The system has, as yet, only been used on the laboratory scale, but Bio-Rad has initiated studies to check the technology’s application in biomanufacturing processes as it could dramatically reduce the number of purification steps needed.
The Profinity eXact (exact affinity cleavage technology) system promises to give protein researchers a major productivity boost by incorporating affinity purification and tag removal in a single step.
With the ever-growing demand for information about protein structure and function from proteomics researchers in drug development and biotechnology programmes there is a need for improved purification methods especially for recombinant proteins with unknown biochemical properties.
Traditional chromatographic and electrophoretic protein purification methods can be a laborious job, with significant time and effort required to develop optimal purification methods for each individual protein.
Affinity tagging methods overcome this problem by incorporating an amino acid sequence tag into the protein that will then bind with a substrate and enable the specific protein to be purified from the rest of the cell lysate.
However, the presence of the tag itself can interfere with results from protein-protein interaction experiments, functional protein studies, crystallographic and NMR (nuclear magnetic resonance) structural studies as well as in therapeutic and diagnostic applications.
Traditionally, the removal of the tags can be almost as problematic as the initial purification steps the process was designed to skip out, with inefficient cleavage by the relevant protease leading to long incubation times being needed as well as inaccurate tag cleavage leading to a mixture of products.

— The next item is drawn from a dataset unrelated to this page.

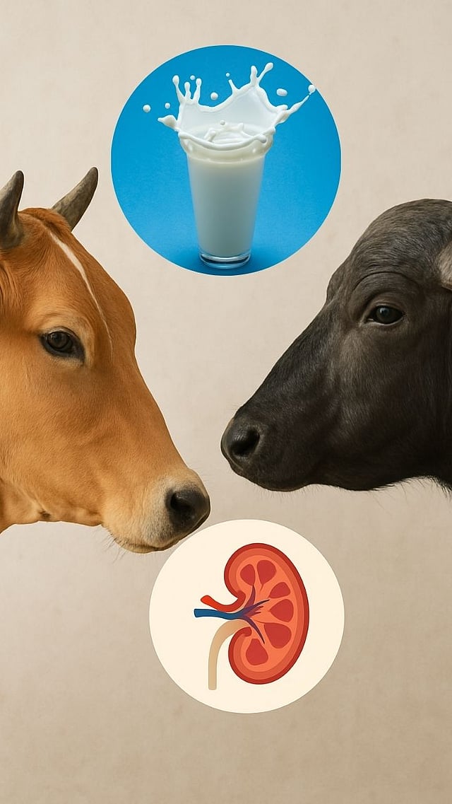 तज्ज्ञांच्या मते, गायीचे दूध हलके असल्यामुळे मूत्रपिंडांवर ताण पडत नाही, तर म्हशीच्या दुधातील जास्त प्रथिने मूत्रपिंडावर भार टाकू शकतात.

In answer to this problem, Bio-Rad developed the Profinity eXact fusion-tag system, which uses a mutant Subtilisin protease immobilised to a resin bead that binds the 75 amino acid Profinity eXact tag during purification. and cleaves the tag to release the native protein.

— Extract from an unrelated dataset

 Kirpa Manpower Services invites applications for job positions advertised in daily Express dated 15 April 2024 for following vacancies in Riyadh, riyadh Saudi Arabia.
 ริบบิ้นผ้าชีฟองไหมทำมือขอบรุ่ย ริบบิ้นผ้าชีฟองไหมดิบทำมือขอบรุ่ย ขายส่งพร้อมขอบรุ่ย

The process starts with E. coli (Escherichia coli) system that incorporates pPAL7 vectors that code for the affinity tag with the encoding sequence for the desired protein by ligation at the multiple cloning site (MCS).
The constructs are transformed into competent E. coli cells, which are cultured and the fusion-tagged protein produced.
After the cells are lysed they can be placed on the column and the tag binds to the Subtilisin with a dissociation constant (KD) of less than 100 pM, ensuring that only tagged proteins bind to the immobilised protease while the rest of the cell lysate is washed off the column.
Once the washing step has been completed, addition of a fluoride-containing buffer solution triggers the modified Subtilisin to cleave the tag directly after the 9 amino acid cleavage recognition sequence ending in ‘FKAL’.
The tag remains tightly bound to the protease while the native protein is released in purities well in excess of 90 per cent.
“Profinity eXact enables researchers to purify tag-free proteins in one hour,” said Tanis Correa, senior product manager of Bio-Rad Lab Chromatography products.
“It’s an excellent option for scientists utilising the simplicity of affinity purification, but whose applications demand unadulterated protein for functional and structural analyses.”
Once the tag free-proteins have been eluted from the column, the tag can be stripped from the protease using a weak phosphoric acid solution, regenerating the resin ready for the next sample.
According to Correa, this approach not only saves researchers from needing to use lots of often expensive protease, but it also removes the need for additional purification steps needed to separate the protein from the cleaved tag and protease.
The firm sells kits that enable the entire workflow, from the E. coli– based expression and antibody detection for checking protein expression on blots, to the affinity spin columns, cartridges and bottled media for larger scale production.